Before starting my post I would like to say a big thank you to Rebecca for sending me the two stamps
03.09.2021 My first “arrival” for September came from Germany. A really nice envelope with a postcard that portrays a little port and a beautiful house near the Baltic sea under the name of the city: Dierhagen. Inside the envelope except the postcard were included two stamps related with historical - important figures of Germany History (I have to admit, my favorite subject). The first stamp is dedicated to the 100th anniversary of the Birth of Sophie Scholl (1921-1943). She was a student and an anti-nazi activist. She was arrested with her brother while they were distributing anti-war leaflets in the controlled area of Munchen University. They were executed for political treason. The stamps portrays a photograph of Sophie under her last words before the execution:
“Such a fine, sunny day, and I have to go… What does my death matter, if through us, thousands of people are awakened and stirred to action?”
Her anti-nazism actions and texts inspired novelists, movie and documentary makers and theatrical writers. Sophie and her brother were recognised as two of the most German personalities of the twentieth century.

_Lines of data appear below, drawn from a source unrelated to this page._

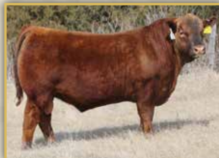
Sire of lot 3 & 4B embryos / Seneca
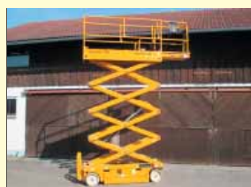
18809 - Haulotte Compact10N 10m - Battery - various years
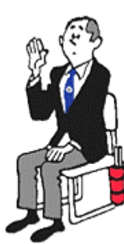
JUDGE'S OPINION DIFFERS
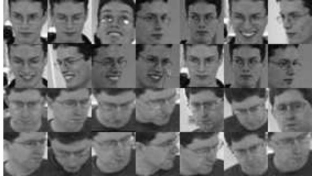
Figure 2. Some detected face images from videos of two subjects from the MoBo data set.

the test manifold, the majority voting scheme of [9, 13] was used.

The second stamp or if you prefer miniature sheet was issued to commemorate the fiftieth anniversary since the Warsaw kneeling. Willy Brandt, the chancellor of West Germany during his visit in Warsaw (December 1970) surprisingly kneeled in front of a monument placed as a respect for the Ghetto’s victims of Warsaw killed by Germans. His action was an act of respect with great symbolism especially during a cold war period between East and West countries. For his act Willy Brandt was honored with the 1971 Nobel award and in 2000 the so called Kneeling scene was portrayed on a monument that is even nowadays placed in Polish capital. Except the kneeling scene on the stamp is written a short passage from the chancellor’s speech
“On the abyss of German history and under the burden of millions of murdered people, I did what people do when the language fails.”